Dr. Claes Ohlsson (University of Gothenburg, Sweden) and colleagues in their paper stated that the association remains even after adjustment for traditional cardiovascular risk factors and excluding those with CVD at baseline.
Senior author Dr. Asa Tivesten (University of Gothenburg) stated that, "This paper is an important start, because previously data have been inconsistent about whether there is an association between serum testosterone and CVD events or not. We now know there is an association, but we don't know what is causing it."
Ohlsson and colleagues analyzed baseline levels of testosterone in 2416 men aged 69 to 81 years who were participating in the prospective, population-based Osteoporotic Fractures in Men Study (MrOS). They also measured sex-hormone-binding globulin (SHBG) and obtained cardiovascular clinical outcomes from central Swedish registries.
This paper is an important start, because previously data have been inconsistent about whether there is an association between serum testosterone and CVD events or not.
Over a median of five years of follow-up, there were 485 fatal and nonfatal cardiovascular events, and both total testosterone and SHBG levels were inversely associated with risk of CV events (trend over quartiles p=0.009 and p=0.012, respectively).
Tivesten said initially they used quartile 1 (i.e., the lowest levels of serum testosterone) as a reference and compared events in this group with those in quartiles 2, 3, and 4. However, they saw no significant difference in the number of CV events between the first three quartiles.
But men in the highest quartile of testosterone (>550 ng/dL) had a lower risk of CV events compared with men in the lower three quartiles (hazard ratio 0.70; p=0.002). This association remained when the first 2.6 years of follow-up were excluded -- in order to rule out any effect of baseline (subacute) disease -- and was only slightly attenuated after adjustment for confounding factors (HR 0.77; p=0.032).
In models that included testosterone and SHBG, testosterone, but not SHBG, predicted risk.

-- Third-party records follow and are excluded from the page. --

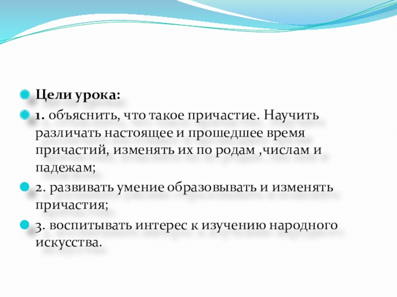 Цели урока: 1. объяснить, что такое причастие. Научить различать настоящее и прошедшее время причастий, изменять их по родам ,числам и падежам;2. развивать умение образовывать и изменять причастия;3. воспитывать интерес к изучению народного искусства.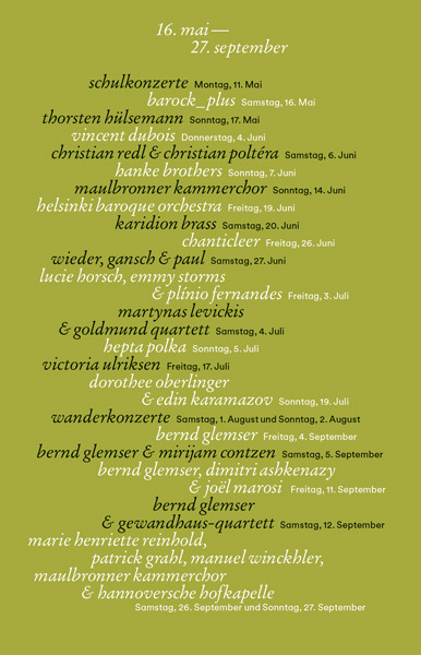 Heuchelberg rund um Maulbronn. Zugleich entsteht unterwegs Raum für Begegnungen und persönliche Gespräche zwischen Ausführenden und Publikum.
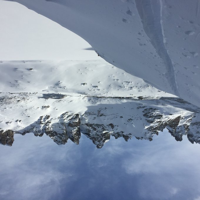 ca 15cm Neuschnee vom Mittwoch, bis 2300m Schneedecke durchfeuchtet. Gipfelhang ein wenig abgeblasen aber dennoch erstaunlich guter gesetzer Pulver.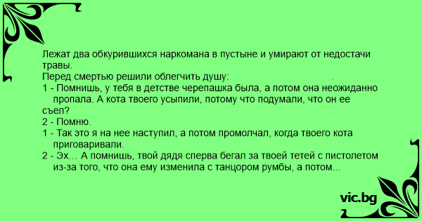 Лежат два обкурившихся наркомана в пустыне и умирают от недостачи травы.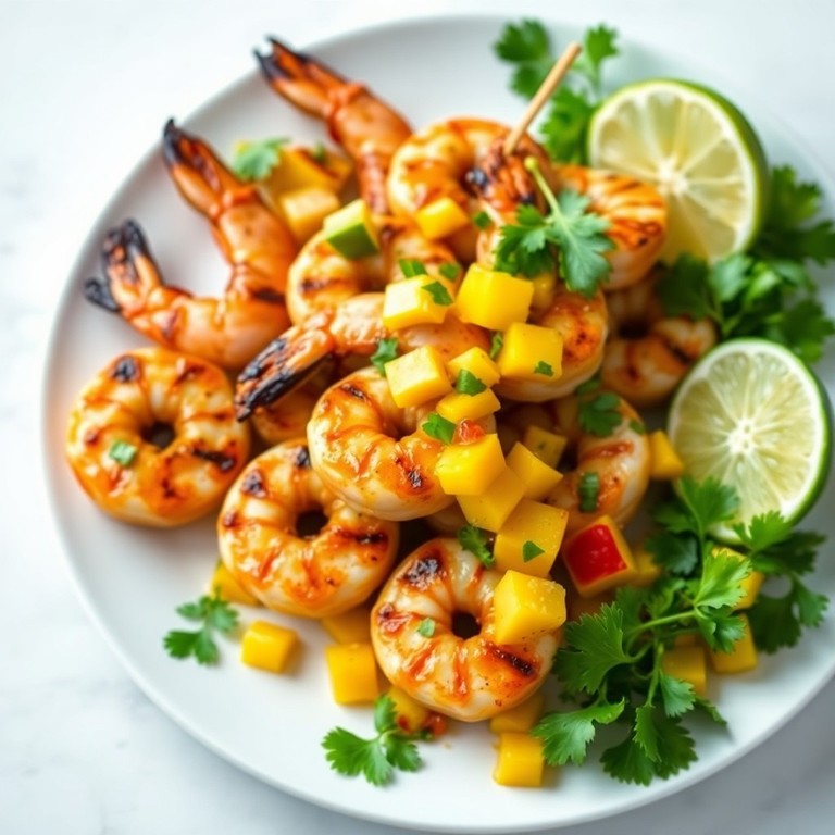 Brochetas de Camarón a la Parrilla con Salsa de Mango Picante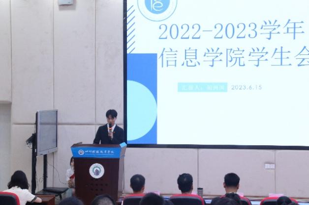 会议第二项议程是对第三届团总支学生会工作进行总结和表彰。学生会团总支副书记童彤和学生会主席胡洲国分别汇报了信息学院2022-2023学年团总支学生会工作开展情况,希望新一届学生会发扬优良传统,更好地服务学生,祝福学生骨干们在学生会的历练中收获成长与进步。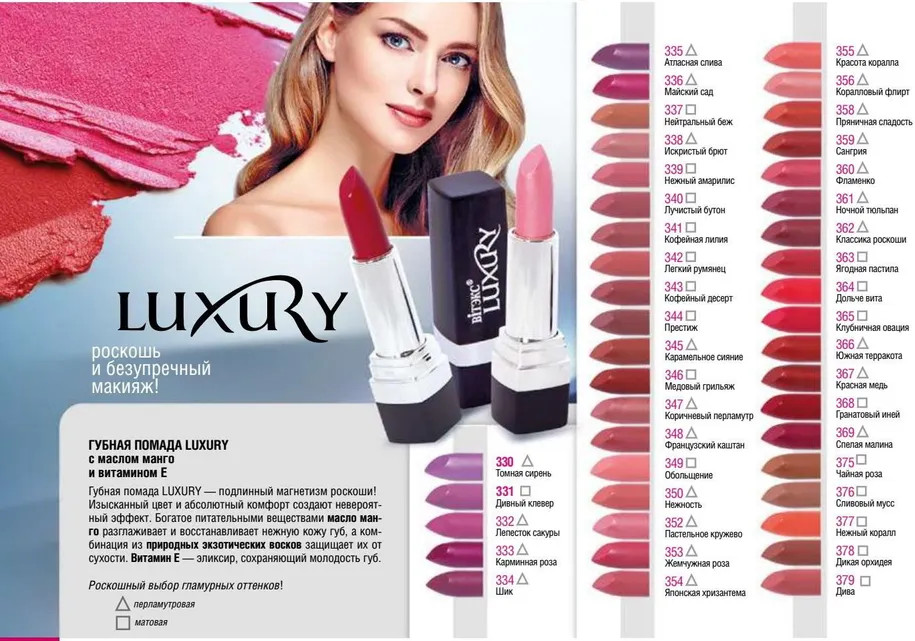 Помада для губ для вечернего макияжаПомада для губ атласнаяПомада для губ водостойкаяСуперстойкая матовая помадаПомада для губ сатиноваяПомада для губ питательнаяПомада для губ гипоаллергеннаяПомада-карандаш Golden RoseПомада-стик для губПомада для губ в стикеПомада для губ коричневаяПерламутровая помада Помада для губ RUTAПомада для губ кремоваяПомада для губ краснаяПомада для губ стойкаяПомада для губ глянцеваяПомада LuxVisageПомада RELOUISПомада-бальзам для губПомада для губ увлажняющаяПомада для губ в блескеПомада для губ розоваяПомада для губ жидкаяПомада для губ матоваяПомады для губ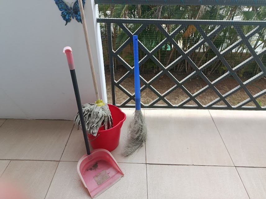Úklid. Pravděpodobně, obzvlášť vy ženy, záhy zjistíte, že precizní úklid není silnou stránkou místních klízeček. Vždycky mě to trochu rozlobí, ale pak vezmu jar, písek, houbičku a vypucuji si to raději sama, protože ony stejně nechápou, co že se mi to nelíbí, vždyť je to perfekní!!! Navíc jejich pracovní výbavení vypadá přibližně tak, jako na obrázku. Doporučuji nechat si vyměnit ložní prádlo a ručníky a uklízet si raději sami, ale je to na vás.
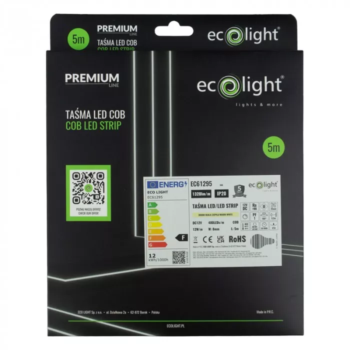 Taśma LED COB 480 12V 12W/m 1320lm/m 3000K IP20 5m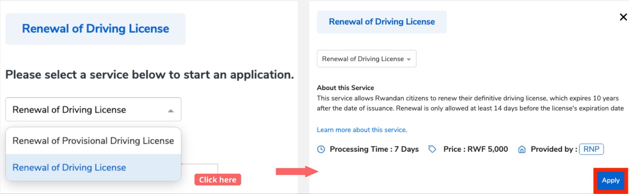 Visit www.irembo.gov.rw and under Police, click on Renewal of Driving Licenses.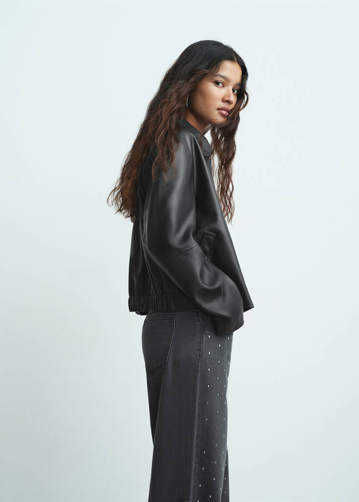 Leather-effect fabric. Straight design. Lapel collar. Long sleeves. Front zipper closure. Two side pockets. Party and events collection. Party Collection. Christmas Collection. Glossy design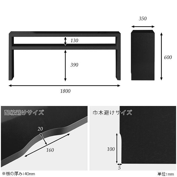 サイズ:約幅1800 奥行き350 高さ600 mm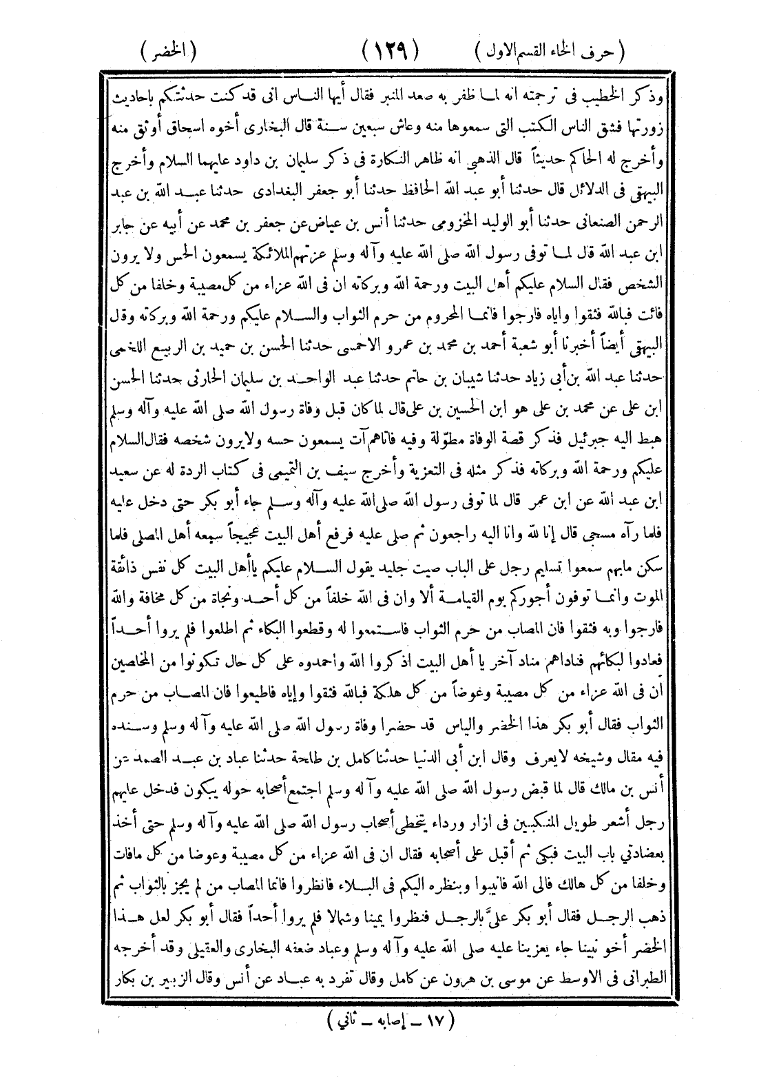 <129> وذكر الخطيب في ترجمته أنه لما ظفر به صعد المنبر فقال أيها الناس إني قد كنت حدثتكم بأحاديث زورتها فشق الناس الكتب التي سمعوها منه وعاش سبعين سنة قال البخاري أخوه إسحاق أوثق منه وأخرج له الحاكم حديثا قال الذهبي إنه ظاهر النكارة في ذكر سلمان بن داود عليهما السلام وأخرج البيهقي في الدلائل قال حدثنا أبو عبد الله الحافظ حدثنا أبو جعفر البغدادي حدثنا عبد الله بن عبد الرحمن الصنعاني حدثنا أبو الوليد المخزومي حدثنا أنس بن عياض عن جعفر بن محمد عن أبيه عن جابر بن عبد الله قال لما توفي رسول الله صلى الله عليه وسلم عزتهم الملائكة يسمعون الحس ولا يرون الشخص فقال السلام عليكم ورحمة الله وبركاته إن في الله عزاء من كل مصيبة وخلفا من كل فائت فبالله فثقوا وإياه فأرجوا فإنما المحروم من حرم الثواب والسلام عليكم ورحمة الله وبركاته وقال البيهقي أيضا أخبرنا أبو سعيد أحمد بن محمد بن عمرو الأحمسي حدثنا الحسن بن حميد بن الربيع اللخمي حدثنا عبد الله بن أبي زياد حدثنا سيار بن أبي حاتم حدثنا عبد الواحد بن سليمان الحارثي حدثنا الحسن بن علي عن محمد بن علي هو بن الحسين بن علي قال لما كان قبل وفاة رسول الله صلى الله عليه وسلم هبط إليه جبرائيل فذكر قصة الوفاة مطولة وفيه فأتاهم آت يسمعون حسه ولا يرون شخصه فقال السلام عليكم ورحمة الله وبركاته فذكر مثله في التعزية وأخرج سيف بن عمر التميمي في كتاب لردة له عن سعيد بن عبد الله عن بن عمر قال لما توفي رسول الله صلى الله عليه وسلم جاء أبو بكر حتى دخل عليه فلما رآه مسحى قال إنا لله وإنا إليه راجعون ثم صلى عليه فرفع أهل البيت عجيجا سمعه أهل المصلى فلما سكن ما بهم سمعوا تسليم رجل على الباب صيت جليد يقول السلام عليكم بأهل البيت كل نفس ذائقة الموت وإنما توفون أجوركم يوم القيامة ألا وإن في الله خلفا من كل أحد ونجاة من كل مخافة والله فأرجوا وبه فثقوا فإن المصاب من حرم الثواب فاستمعوا له وقطعوا البكاء ثم اطلعوا فلم يروا أحدا فعادوا لبكائهم فناداهم مناد آخر يأهل البيت اذكروا الله واحمدوه على كل حال تكونوا من المخلصين إن في الله عزاء من كل مصيبة وعوضا من كل هلكة فبالله فثقوا وإياه فأطيعوا فإن المصاب من حرم الثواب فقال أبو بكر هذا الخضر وإلياس قد حضرا وفاة رسول الله صلى الله عليه وسلم وسنده فيه مقال وشيخه لا يعرف وقال بن أبي الدنيا حدثنا كامل بن طلحة حدثنا عباد بن عبد الصمد عن أنس بن مالك قال لما قبض رسول الله صلى الله عليه وسلم اجتمع أصحابه حوله يبكون فدخل عليهم رجل أشعر طويل المنكبين في إزار ورداء يتخطى أصحاب رسول الله صلى الله عليه وسلم حتى أخذ بعضادتي باب البيت فبكى ثم أقبل على أصحابه فقال إن في الله عزاء من كل مصيبة وعوضا من كل ما فات وخلفا من كل هالك فإلى الله فأنيبوا وبنظره إليكم في البلاء فانظروا فإنما المصاب من لم يحز الثواب ثم ذهب الرجل فقال أبو بكر علي بالرجل فنظروا يمينا وشمالا فلم يروا أحدا فقال أبو بكر لعل هذا الخضر أخو نبينا جاء يعزينا عليه صلى الله عليه وسلم وعباد ضعفه البخاري والعقيلي وقد أخرجه الطبراني في الأوسط عن موسى بن أبي هارون عن كامل وقال تفرد به عباد عن أنس وقال الزبير بن بكار §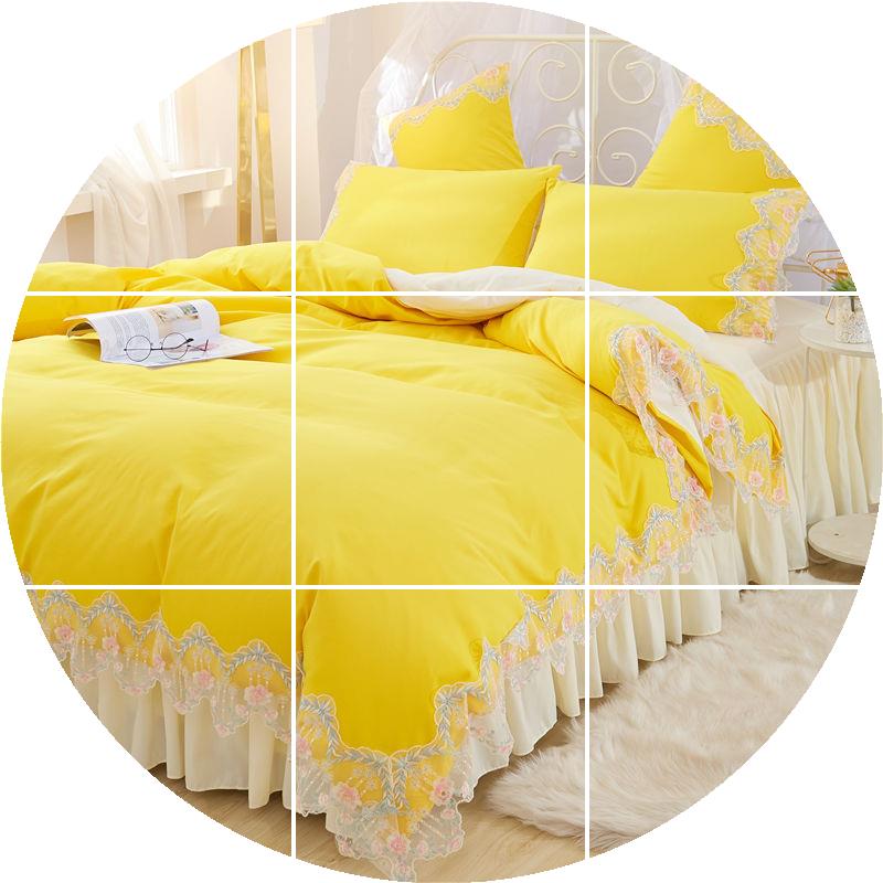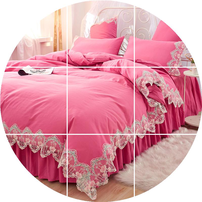 Giường lưới màu đỏ cotton bốn mảnh cotton công chúa gió ren màu rắn chăn mền phủ giường loại váy 1,5 / 1,8m - Váy Petti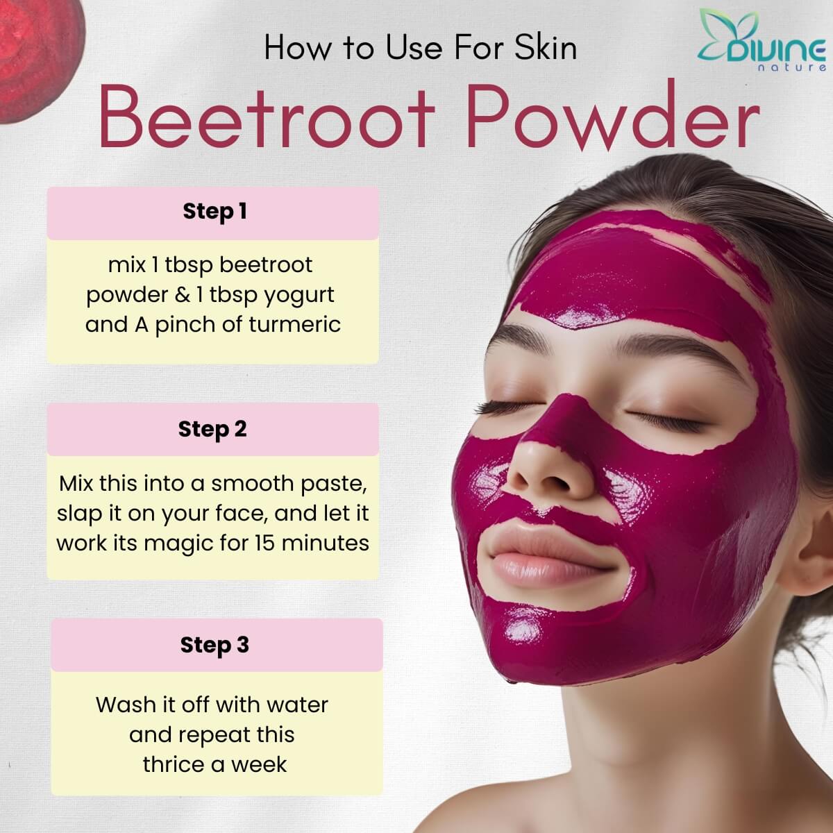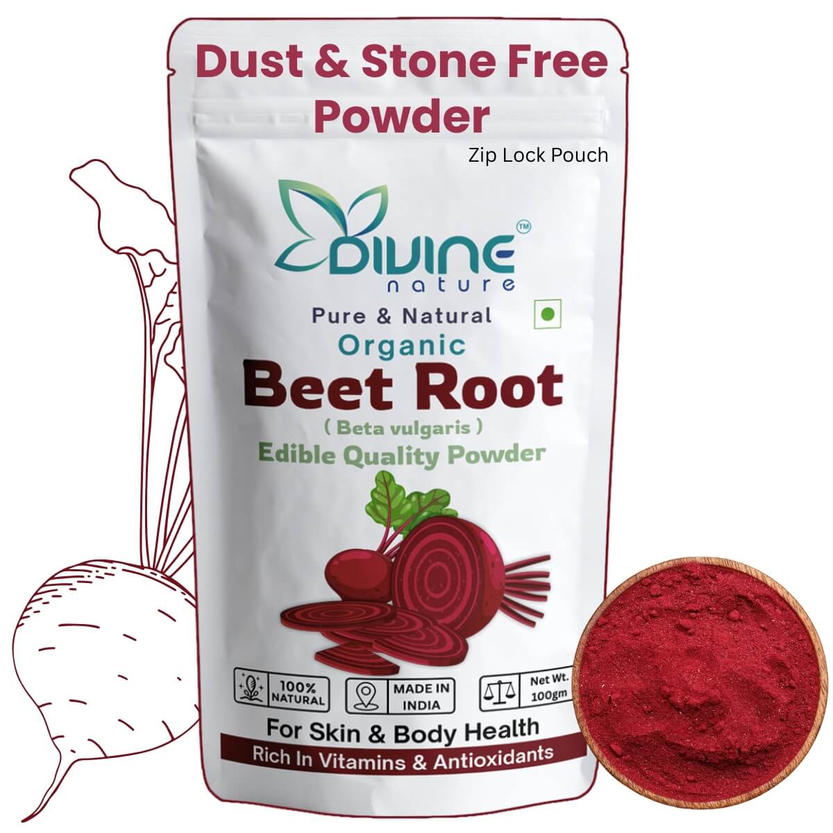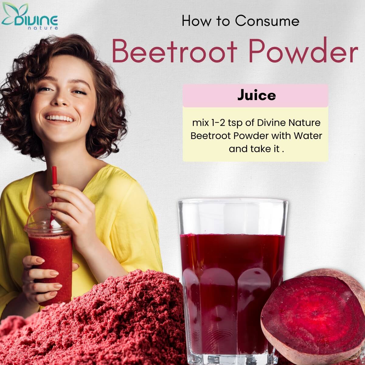 Divine Nature Pure and Natural Beetroot Powder for Face Pack Lips, Skin & Hair | Beetroot Powder For Drinking | Glowing Skin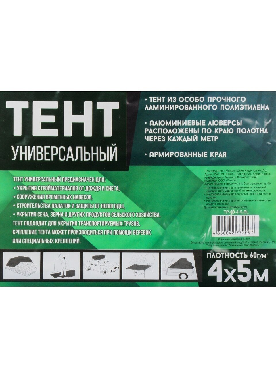Тент универсальный 500х400 см — надежное решение для защиты от дождя, солнца и града. Универсальный прямоугольный тент из полиэтилена плотностью 60 г/м2 станет незаменимым помощником для хозяйственных, строительных, туристических, садовых и дачных задач. Благодаря крупному размеру 500х400 см и прочным алюминиевым люверсам, расположенным по краю полотна через каждый метр, легко организовать навес, укрыть стройматериалы, садовую мебель, автомобиль или урожай.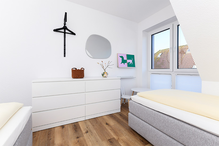 - Verdunkelung: alle Schlafzimmer sind verdunkelbar und haben kpl. Plissee-Sichtschutz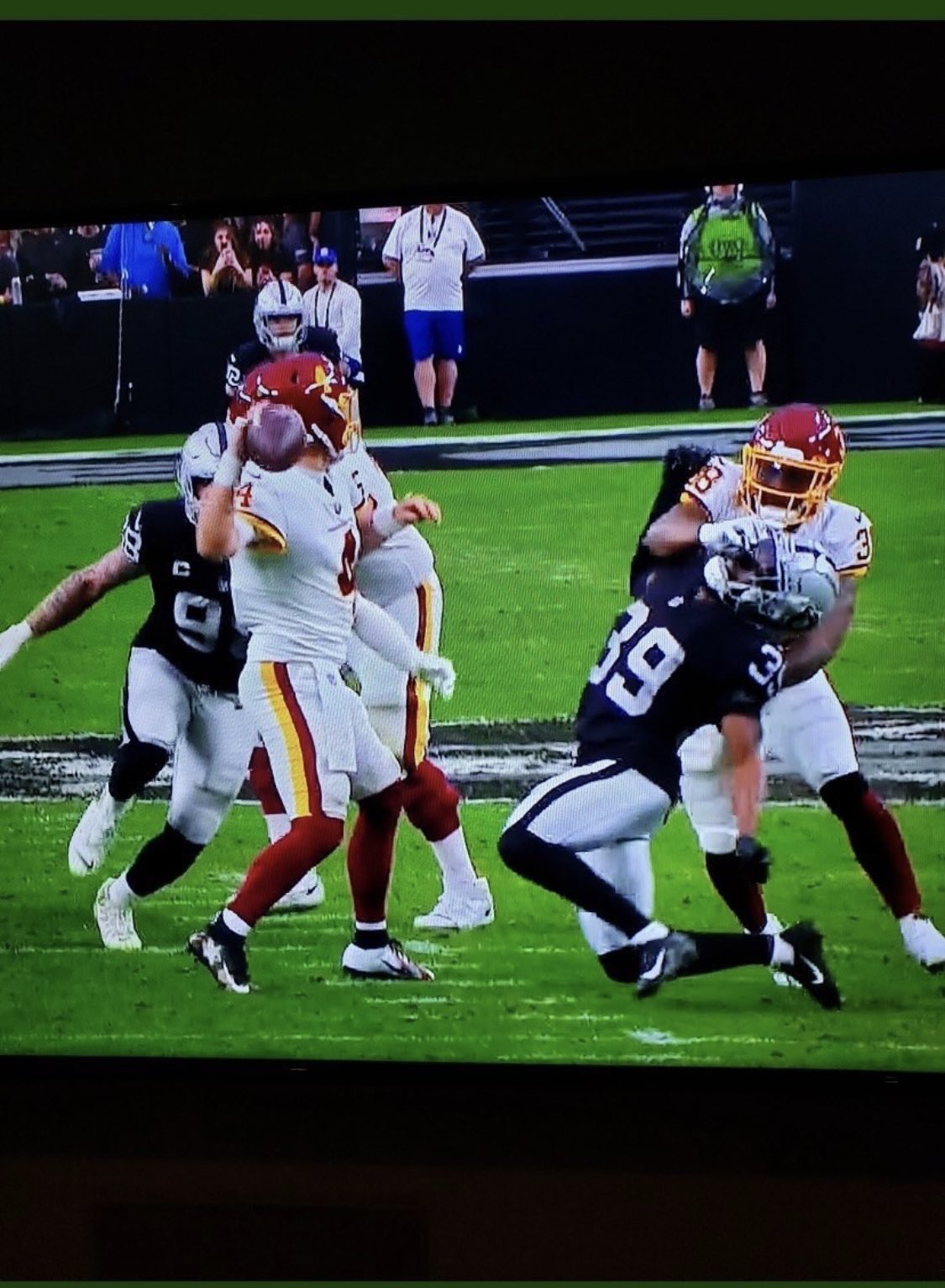 But if you think the reason the Raiders couldn’t take down Washington was the referees, you’re sadly mistaken. Go back to that questionable no-call at the end. Despite the jersey pull, Zay Jones had every chance to catch that ball — it hit him in the fucking head for god’s sake. If Jones’ hands were made out of anything but concrete, he might’ve come down with that (or any other pass Jones had. Go back to Trevon Moehrig dropping a game-sealing INT. Go back to those calls against the Raiders and see how Las Vegas was still in the lead late, when the defense decided to play two-hand touch and let Washington drive down the field lickedy split in crunch time. Go back to how, despite the penalties and last-minute choking, the defense still held Washington to under 20 points and gave the offense plenty of opportunities to put up points. Go back to Derek Carr missing an open Brian Edwards in the end zone and forcing the Raiders to settle for a FG. Go back to the missed two-point conversion that, had it been successful, would’ve meant Washington could only tie the game with a FG. Hell, go back to the first play of the last drive where, needing just a FG, the Raiders went for it all and lost valuable time in the process.

Tivesten says the research does not suggest that testosterone supplements should be used to try to prevent cardiovascular disease and that more work is required to investigate this, because one trial using high doses of exogenous testosterone in older men has actually shown an increase in cardiovascular events.
However, what is established, she says, is that men with testosterone deficiency should receive testosterone supplementation. But there is currently a debate as to what level of testosterone represents a true deficiency, so this is a gray area, she notes.
And in older men, she adds, the issue is confounded by the fact that testosterone levels decline naturally with age: "So should we regard all elderly men as testosterone deficient? Or just look at subgroups?"
Ohlsson C, Barrett-Connor E, Bhasin S, et al. High serum testosterone is associated with reduced risk of cardiovascular events in elderly men. The MrOS (osteoporotic fractures in men) Study in Sweden. J Am Coll Cardiol, Oct. 2011; 58:1674-1681.